Baseball, he starts, is an early twentieth century enthusiasm of white males, mostly attached to the Eastern states; it does not transfer well to the West. America is little interested in it anymore.

Swung on and missed!

Wolf nods, announcing he’ll be at the Redskins’ game as the Angels and Giants battle out Game Seven.

Can anything be more ludicrous? Here’s the otherwise sensible Caldwell trying to preserve baseball the sport in Cooperstown amber. Out on the Coast, where the old white man’s game doesn’t transfer well, everyone is positively electrified.

Maybe that’s because we’re not all white guys, either playing or spectating. In fact, we haven’t been since the 1940s, which — better period that it undoubtedly was, America being at its peak and all — might be where Christopher’s mind remains.

True, you cannot raise your hand and swear anymore that baseball holds on as the “national pastime.” The professional gridiron and even NASCAR have eclipsed it in attendance and TV viewership. But it has become a universal pastime, Americanizing the world faster than Al Qaeda can terrorize it.

In much the same way, what we once called the Third World now finds itself evangelized by charismatic Christians. Followers proliferate throughout the southern hemisphere faster than radical Islamists spread through Central Asia. Africa now sends missionaries to us, trying to goose our tired clergy into finding something, gasp, Christ-like to say.

The comparison is apt. Not that baseball has taken over the worldwide appeal of soccer, which for a few weeks each year grips hooligans from Thailand to Greece. But its fandom might just be growing faster. What Caldwell and Blitzer’s other guests miss is that televisions from the Dominican Republic to Cape Horn are tuned into the World Series. And every shinbun in Nippon puts color pics on its front page.

That’s because so many of these swarthy sovereignties have sent players to our games. And, in off-seasons, why we send so many Yankees — strike that, American players — over there. As Angel catcher Benjie Molina was making himself a hero in Game Seven, his father was being honored as Puerto Rican amateur player of the year. Shortstop David Eckstein, than whom no baseball player plays with more intensity, already is packing his champagne-soaked duds for his season in Tokyo.

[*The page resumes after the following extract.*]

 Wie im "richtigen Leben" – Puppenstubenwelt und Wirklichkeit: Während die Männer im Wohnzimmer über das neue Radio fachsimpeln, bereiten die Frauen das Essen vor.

Overseas they love baseball because, precisely, it is American. Even when Fidel Castro used to put on a baseball uniform and pitch a few innings, at the height of the Cold War, you knew he was perversely sending a valentine to the U.S. Baseball does trump politics, which is why we Orange Countians allow Gov. Gray Davis to sit in an Edison Field suite and cheer our team.

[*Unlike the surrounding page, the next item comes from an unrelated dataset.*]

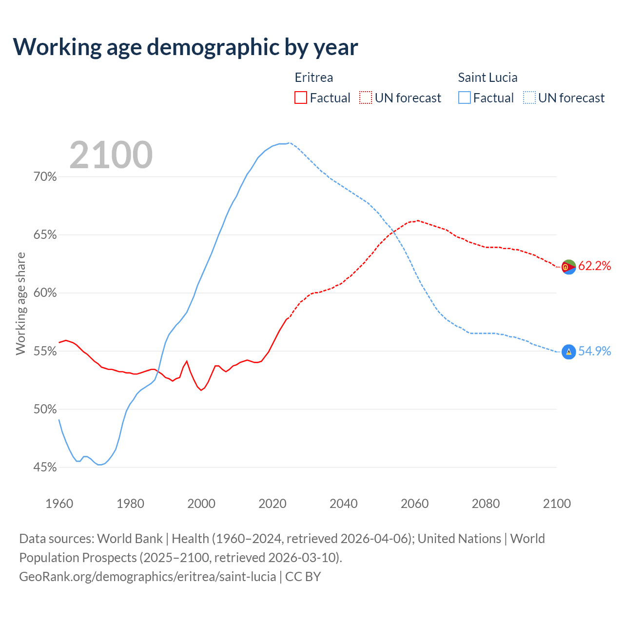 - Eritrea has 2.13M working age adults (aged 15-64) vs 132K in Saint Lucia.

As you read this, Troy, Tim, Darin, Scott, Garret, Adam and the boys will be parading through a sea of red from the Arrowhead Pond, home of Disney’s other team, the Mighty Ducks, back to the Big A (I can’t bring myself to call it “the Big Ed,” in protest of the Edison Company’s complicity in Davis’s energy crisis). Manager Mike Scioscia, who made the joy of the game the team’s winning X factor, will make modest bows, and Jackie Autry will invoke the spirit of Gene.

Angel lovers, draped in red, wielding their thunder sticks and bouncing their rally monkeys, will send back to eastern eggheads the message that “bowling alone” is passé. We are still a nation of community, and advance. And victory.

Their Halos fought back amazingly against the Giants, a Caldwellian-era team brought to the West by Horace Stoneham, a great American ball club consigned by the expansion Angels to Jurassic status. Their motto: “Never say ‘die.'”

You may be thinking of Wellstone and Mondale. I’m thinking of Disney magic, another great American export. I’m thinking of how in these very precincts, in Anaheim backyards three and a half decades ago, we gave Ronald Reagan his political launch. (I’m also thinking of how, not two decades ago, in Washington, some of Reagan’s most fervent admirers pretended he didn’t come from California.)

Pardon me while I bask in another triumph in, and for, the West. Coming back from sure defeat as they did in Game Six, and again in Game Seven, the Angels were nothing less than Churchillian.